One is this very scary paragraph (scary, that is, if you are an employer):
Managers account for at least 70 percent of variance in employee engagement scores across business units, Gallup estimates. This variation is in turn responsible for severely low worldwide employee engagement. Gallup reported in two large-scale studies in 2012 that only 30 percent of U.S. employees are engaged at work, and a staggeringly low 13 percent worldwide are engaged. Worse, over the past 12 years these low numbers have barely budged, meaning that the vast majority of employees worldwide are failing to develop and contribute at work.”
These numbers from Gallup aren’t new, but they really jump out you in this context because they clearly show that despite the incredible focus the past five years on improving employee engagement, most organizations aren’t seeing it happen because the process breaks down at the managerial level.
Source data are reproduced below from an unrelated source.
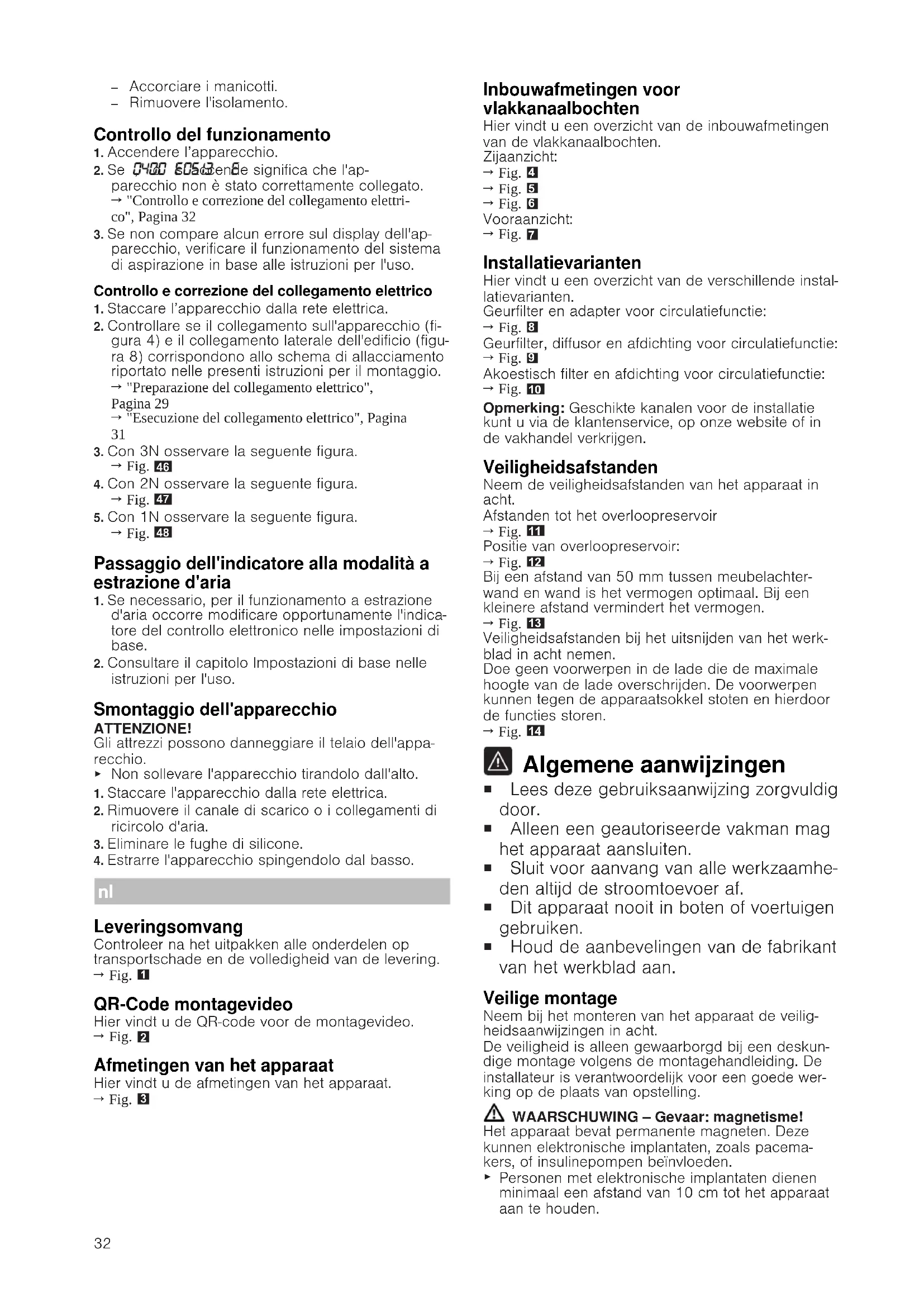 Algemene aanwijzingen ¡ Lees deze gebruiksaanwijzing zorgvuldig door. ¡ Alleen een geautoriseerde vakman mag het apparaat aansluiten. ¡ Sluit voor aanvang van alle werkzaamhe- den altijd de stroomtoevoer af. ¡ Dit apparaat nooit in boten of voertuigen gebruiken. ¡ Houd de aanbevelingen van de fabrikant van het werkblad aan. Veilige montage Neem bij het monteren van het apparaat de veilig- heidsaanwijzingen in acht. De veiligheid is alleen gewaarborgd bij een deskun- dige montage volgens de montagehandleiding. De installateur is verantwoordelijk voor een goede wer- king op de plaats van opstelling. WAARSCHUWING‒Gevaar: magnetisme! Het apparaat bevat permanente magneten. Deze kunnen elektronische implantaten, zoals pacema- kers, of insulinepompen beïnvloeden.
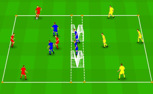 DoelVerbeteren van het uitspelen van het overtalVerbeteren van het verdedigen in ondertalOrganisatieEen veld van ongeveer 18 bij 10 meter, verdeeld in 2 vakken van 8 bij 10 meter en een tussenstrook12 spelers per organisatie8 pylonnen4 ...
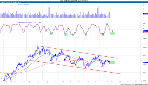 Now on to a little education.... MCD (McDonalds) Has a great channel that it has been trading in for the last year. The stochastic signal could have been traded on each signal with a great return. I am starting to see a Stochastic-Price Channel Divergence in the chart that is represented by the recent oversold stochastic oscillator and the higher low on the price. We are about to get oversold again in MCD and will be watching for a move back up this week.
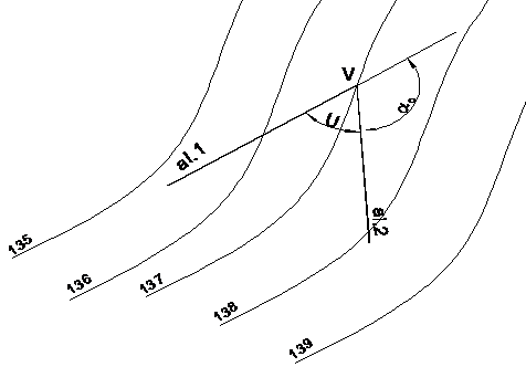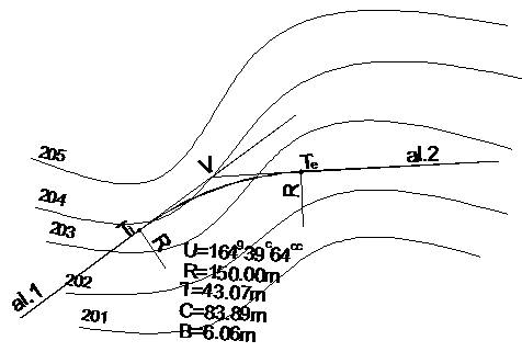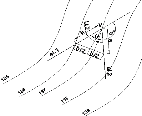 Unghiul la varf este unghiul interior pe care il fac cele doua aliniamente succesive ce urmeaza sa fie racordate. Valoarea unghiului la varf se stabileste prin metoda grafo-analitica, in felul urmator:
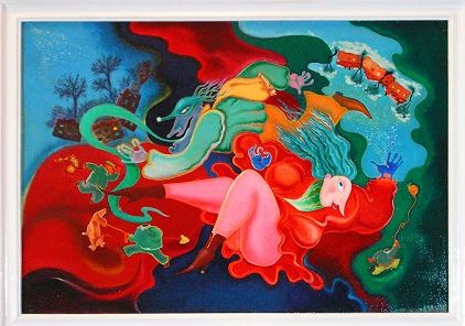Абсурдная Рекреационная Тантра, потому что картины создаются по странным законам невидимого мира, и чем больше человек вглядывается в изображение, тем больше он для себя там находит, а чем больше он находит, тем более он обновляется, как личность, настраивается на пробуждение новых ритмов пульсации мысли, что способствует его самосовершенствованию.
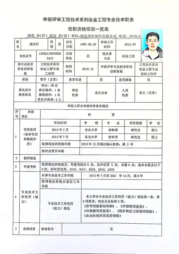 2、龐洪軒同志擬申報(bào)高級(jí)工程師職稱;
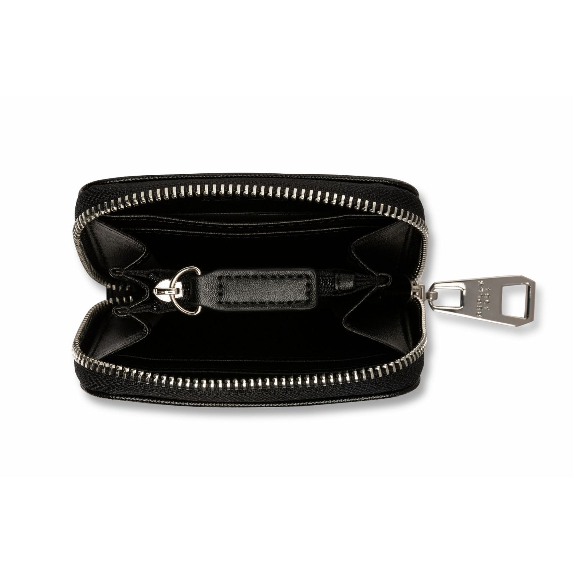 Solid-colored small wallet with saffiano effect and zip around fastening. The item is equipped with four inner credit card slots and with one central coin pocket with zipper. The accessory is refined by the embossed Archive logo at the front. Length 11 cm x Height 7 cm x Width 2 cm.
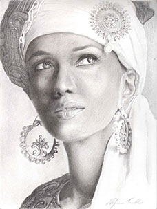 Ritratto volto di donna, matita su carta, 28 x 38cm
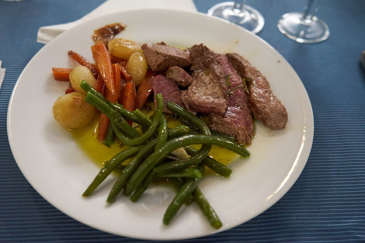 In der Küche hat Ornella derweil das Fleisch bei hoher Hitze angebraten, in Streifen geschnitten und auf dem Teller mit dem heißen Rosmarin-Öl übergossen. Es gilt, sich schnell mit bereitstehendem Gemüse zu versorgen und – zu genießen! Das Fleisch zergeht auf der Zunge und hier explodiert auch der Geschmack. Wahnsinn! So gut schmeckt Umbrien!
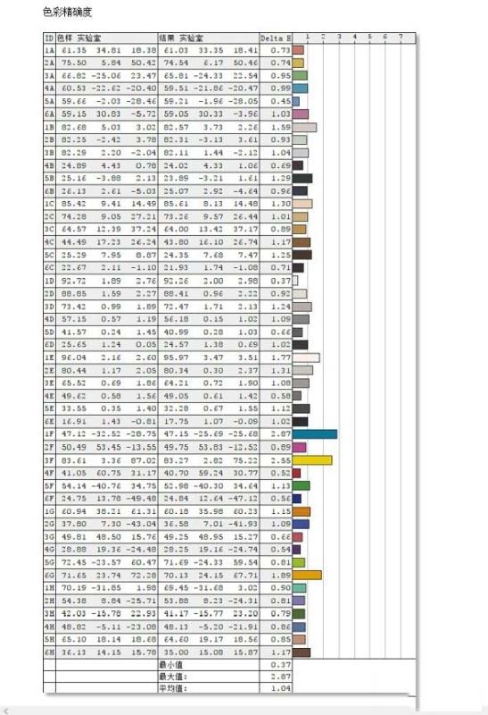 ENVY 13這塊屏幕的色彩精確度也較為不錯,ΔE最大值略有些高,為2.87,平均值略高,為1.04,大部分色彩ΔE值在1以下,屏幕整體的色彩還原還是很不錯的。
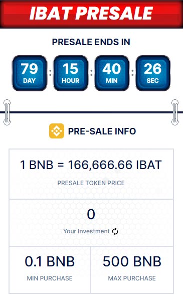 Questo è il momento migliore per acquistare il token di Battle Infinity. È infatti in prevendita dall'11 luglio 2022. La prevendita termina il 10 ottobre 2022 e IBAT è già a prezzo scontato. IBAT ha superato il suo soft cap, il che significa che inizierà lo sviluppo del gioco e il beta testing.
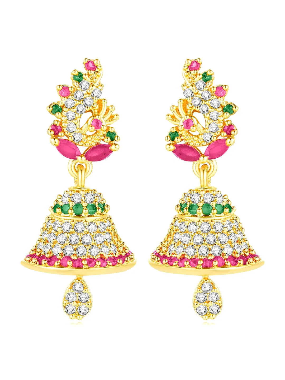 Product Name: Elegant Duo CZ Jhumki Earrings - Rani Pink Green
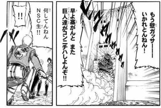 「早よ塞がんとまた巨人達がコンニチハしよんぞ!!」
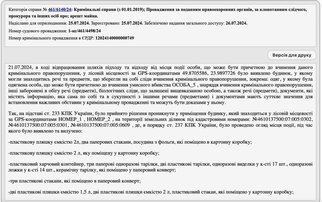 Схрон расположен в лесной местности на окраине Львова. По данным следствия, в доме могли храниться пистолет и одежда, в которой было совершено преступление. На этих предметах могли остаться следы совершения преступления, в том числе биологические. Поэтому правоохранители приняли решение провести там обыск.
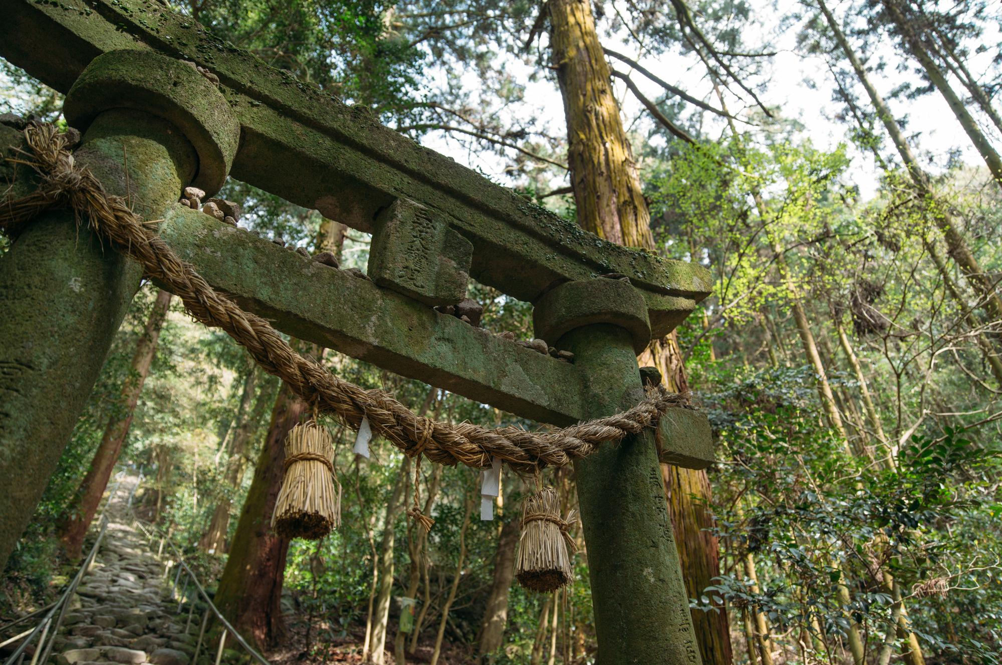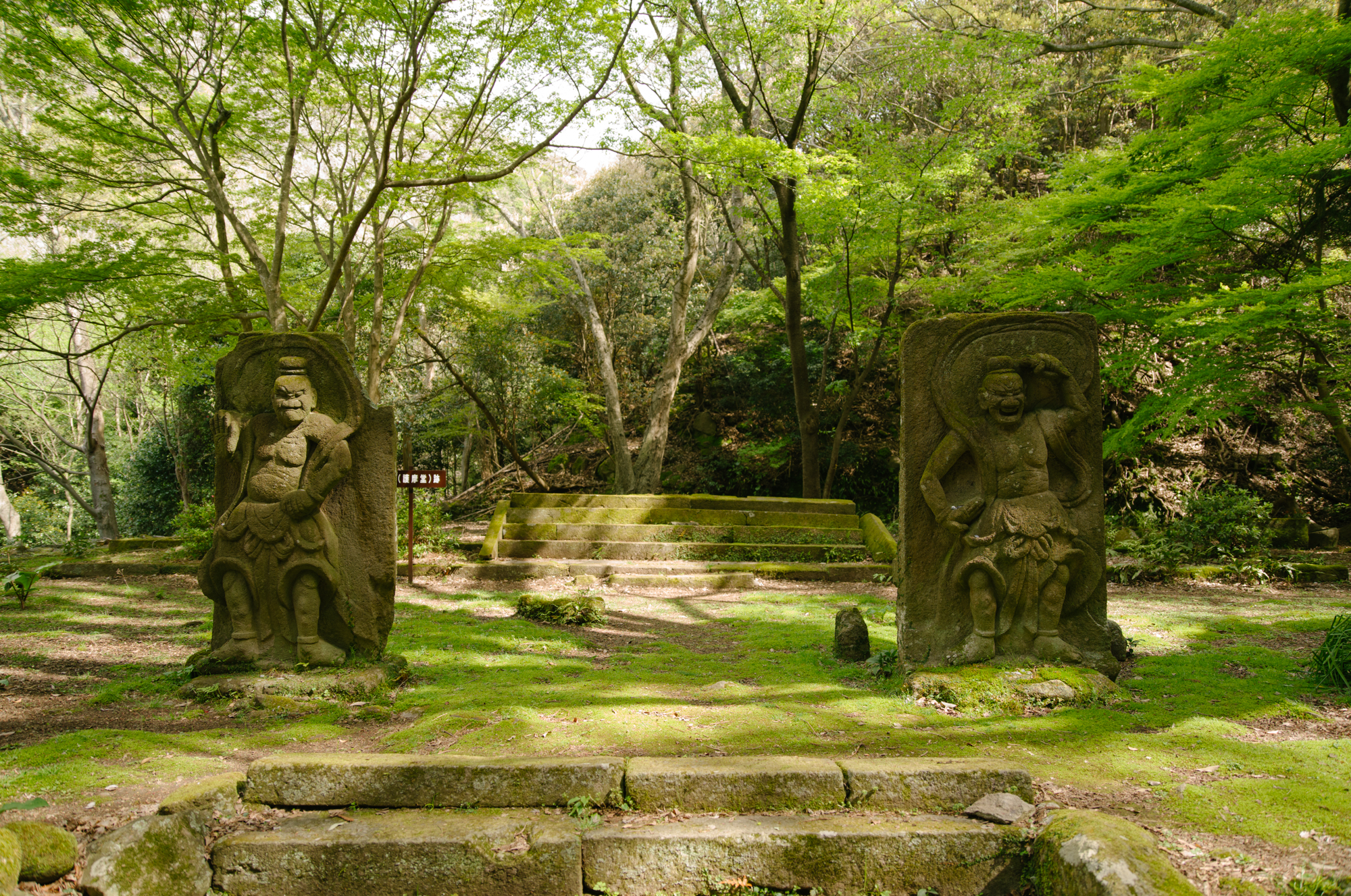 山の麓の駐車場に車を停めると、周囲は見渡す限りの鬱蒼とした杉林。ここから先はゆるいトレッキングコースのような山道を歩いていく。入り口の古い鳥居をくぐってしばらく歩くと、当然のように仁王像が迎える。この仁王像は、国東では珍しく、レリーフのように平岩に半肉彫りされた立派なもの。旧千燈寺は焼き討ちされて、いまや見る影もないが、「岩」はここでもまた、歴史の生き証人であった。
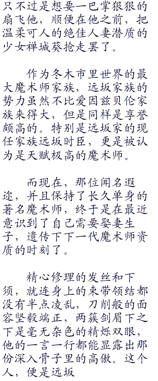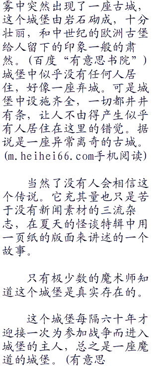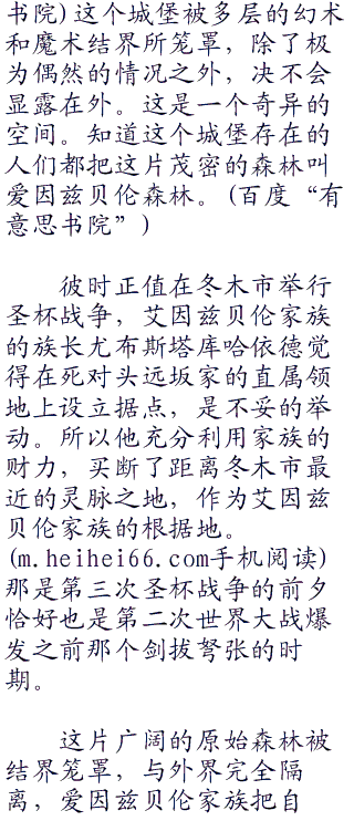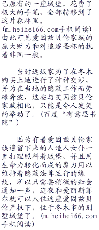 当然,这个都市传说某种意义上只是一个无聊的怪谈。虽说这片森林尚未有人开发,可是从冬木市区驱车不到一个小时便可抵达这里。如果真的有一座那么奇异的城堡的话,一定会众人皆知。实际上,过去也曾经有人数次在这片原始森林进行土地测量,可是一次也没有发现过人工建筑物的痕迹。

What it takes to be a great manager
But, the article also noted that the engagement problem has a pretty straight-forward solution:
The root of performance variability lies within human nature itself. Teams are composed of individuals with diverging needs related to morale, motivation, and clarity — all of which lead to varying degrees of performance. Nothing less than great managers can maximize them. But first, companies have to find those great managers.”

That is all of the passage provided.